Types of Generative Models in Machine Learning

Generative Models in Machine Learning:

Generative Models are one of the most promising approaches towards this goal. To train a generative model we first collect a large amount of data in some domain and then train a model to generate data like it. Generative models used in machine learning for either modeling data directly or as an intermediate step to forming a conditional probability density function.

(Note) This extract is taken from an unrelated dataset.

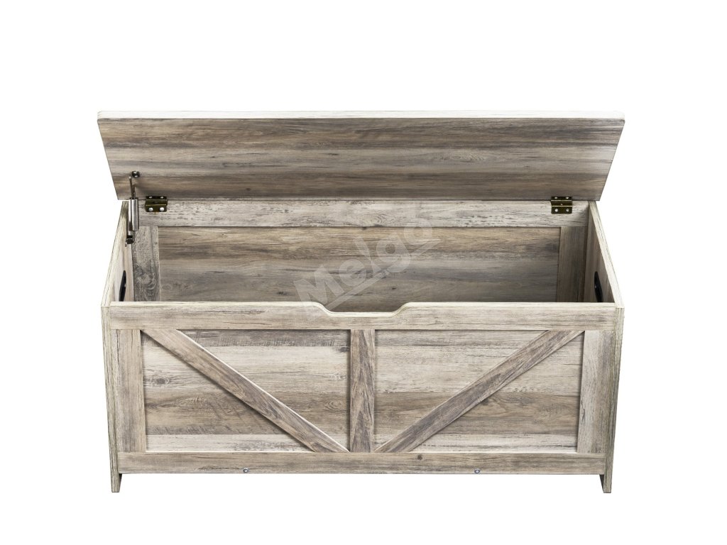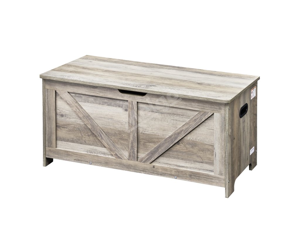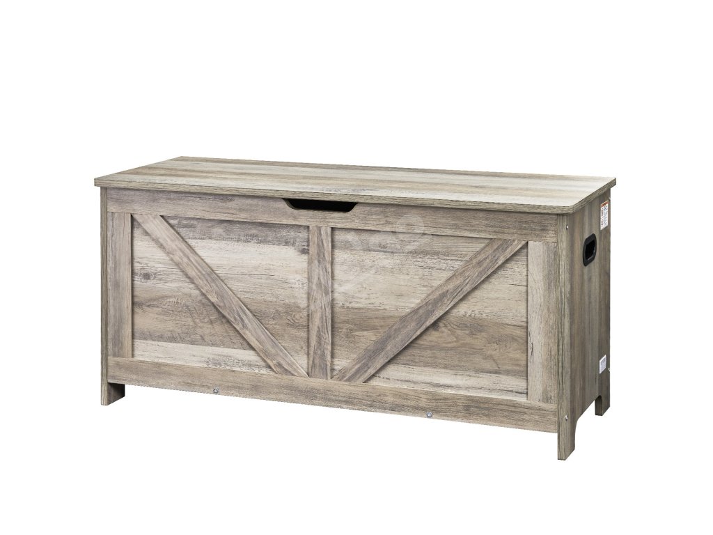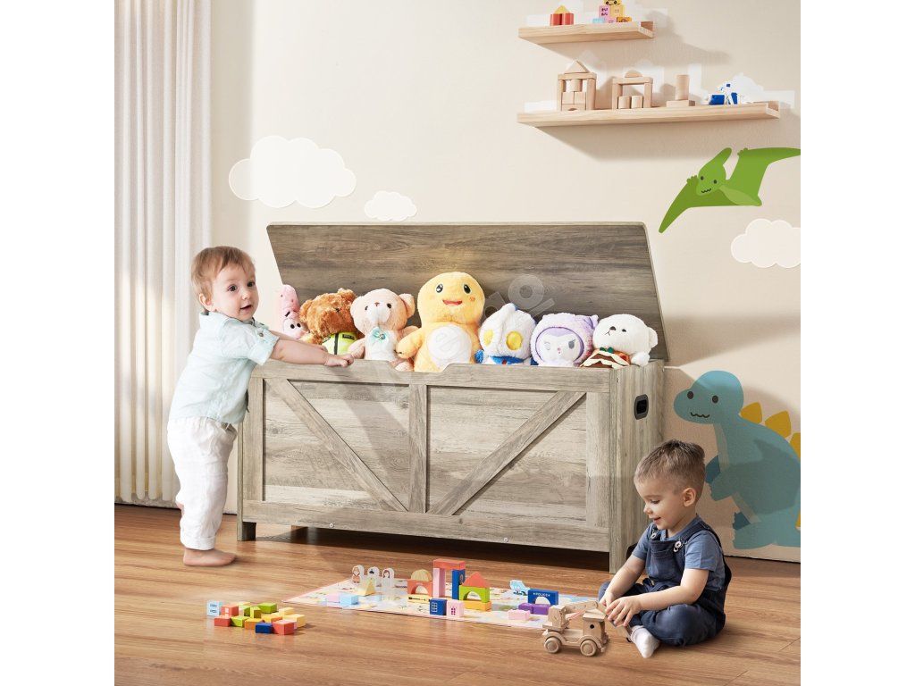 Drevená detská truhlica na hračky s pántom šedá, 38.98×15.55×18.9"

Types of Generative Models:

There are mainly 7 types of Generative Models in Machine Learning:

1. Auto-regressive Model:

Autoregressive Model is when a value from a time series is regressed on previous values from that same time series. The order of an autoregression is the number of immediately preceding values in the series that are used to calculate the value at the present time. In simple words, Autoregressive models predict future values based on past values. These models are flexible at handling a wide range of different time-series patterns.

2. Bayes Network:

Bayes Network is a generative probabilistic graphical model that allows efficient and effective representation of the joint probability distribution over a set of random variables. It consists of two main parts, which are structure and parameters. The structure is a directed acyclic graph (DAG), and the parameters consist of conditional probability distributions associated with each node. This network can be used for various applications, such as time series prediction, anomaly detection, reasoning and other such.

3. Mixture Model:

A mixture model is a probabilistic model for representing the presence of sub-populations within an overall population, without requiring that an observed data set should identify the sub-population to which an individual observation belongs. Formally a mixture model corresponds to the mixture distribution that represents the probability distribution of observation in the overall population. Mixture models are used to make statistical inferences about the properties of the sub-populations given only observations on the pooled populations without sub-population identifying information.

4. Latent Variable Model:

A latent variable model is a statistical model that relates a set of observable variables. An observable variable is also called a manifest variable, as opposed to a latent variable. It is a variable that can be observed and directly measured. Latent variable models used in psychology, demography, economics, engineering, medicine learning, artificial intelligence, bioinformatics, natural language processing, etc.

5. Gaussian Model:

Gaussian Model is a generative probabilistic model. It assumes all the data points are generated from a mixture of a finite number of Gaussian distributions with unknown parameters. It commonly used as a parametric model of the probability distribution of features in a bio-metric system.

6. Hidden Markov Model:

Hidden Markov Model (HMM) is a statistical model widely used in various fields, especially in sequential data analysis and time series modeling. HMM designed to model systems that are assumed to be Markovian. It means that the future state of the system depends only on the current state and is independent of previous states. It consist of two main components: hidden states and observable states. The hidden states represent the underlying, unobservable states of the system, while the observable states are the states we can directly observe.

7. Flow-Based Model:

Flow-based models are generative models that directly model the data distribution through a series of invertible transformations, i.e., It is a set of mathematical operations that can be both applied and reversed without any loss of information. The core idea of flow-based models lies in the concept of normalizing flows. Flow-based models can capture complex data distributions by chaining multiple invertible transformations together.